Juliette Lemontey vise à la fois à rassembler et défaire le portrait. La « chaîne » visuelle est obtenue par une atomisation du visage. Puisque, d’une œuvre à l’autre ‚il s’efface, se construit un rythmique capable d’atteindre des zones où se posent les questions beckettiennes du « qui je suis » » et de « si je suis ». Les images renforcent une sorte épuisement potentiel même si le schéma vital demeure dans les actes que les femmes semblent accomplir au sein d’une « prise » plastique qui rappelle l’art japonais sans chercher toutefois à le singer.
La vie et la l’art deviennent concomitants au sein d’une errance dont le but demeure indéterminé. Les femmes semblent se perdre aux rayons d’un mince soleil d’hiver au fond de divers indices d’un décor improbable. Les paysages fondent. Voici un bout de monde dans l’obscure clarté où soudain même le visage a glissé.
Reste un ovale sans voix, sans visage. Le cri est interdit. Autant à la joie qu’à la douleur. Tout se joue entre le corps et l’espace vidé du portrait. Qu’en est-il donc de l’être ? Apparemment, il n’est que son silence au sein de l’esquisse visuelle. Comment savoir qui se cache derrière ? Au chaos l’artiste impose son propre « désordre », ses glissements. Immobile et mouvante, l’œuvre frissonne d’une plasticité particulière sur laquelle on ne peut porter un jugement moral : des mots comme souffrance ou sérénité demeurent interdits.

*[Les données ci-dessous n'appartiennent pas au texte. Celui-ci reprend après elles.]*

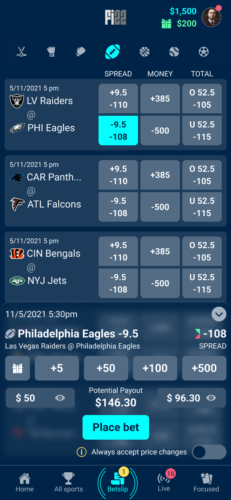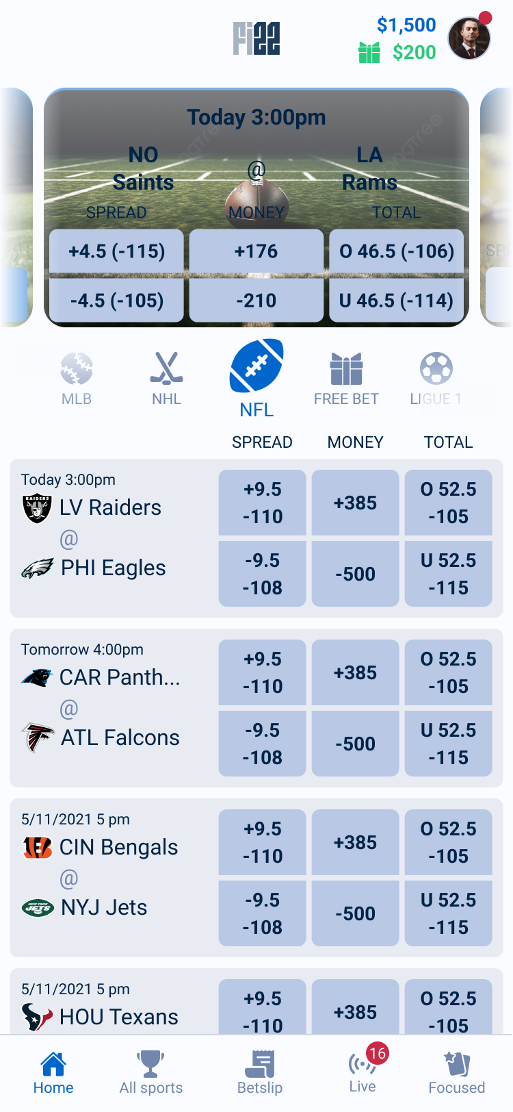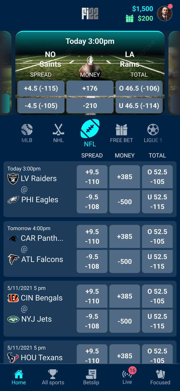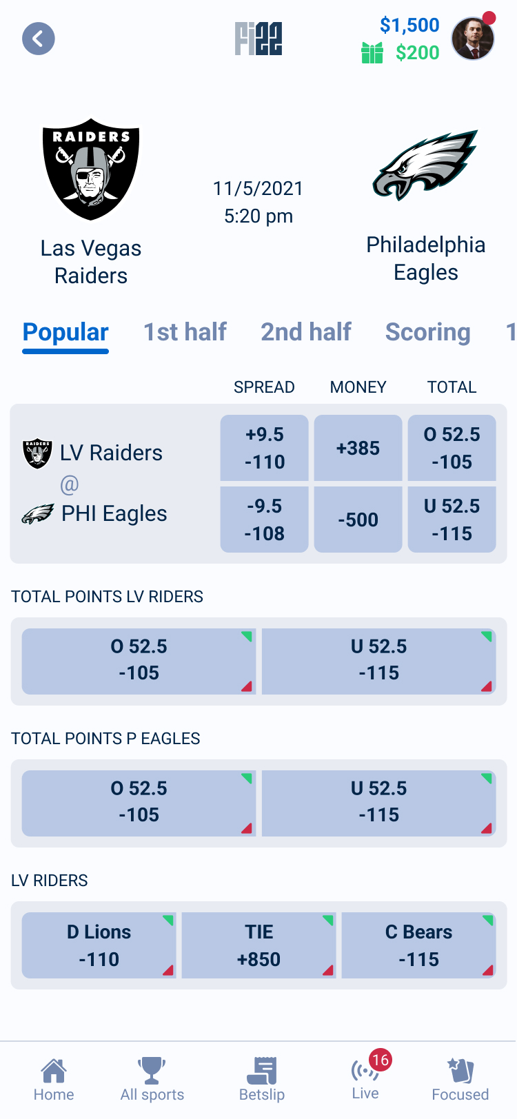 Focused Mode surfaces predefined player props in a streamlined layout, allowing users to quickly access the most relevant betting options without navigating through complex markets. By reducing choice overload, the feature supports faster decision-making during live games.

Tout ce qu’on peut en dire reste que, au plus profond du support, résonne le silence sans fond. Mais il possède valeur de chant dans lequel on s’enfonce non pour entendre une voix mais afin de trouver la lumière, pour se fondre dedans contre le peut qu’on est.
jean-paul gavard-perret
Juliette Lemontey, Livre, Littérature mineure éditions, Rouen, 2017 — 8,00 €.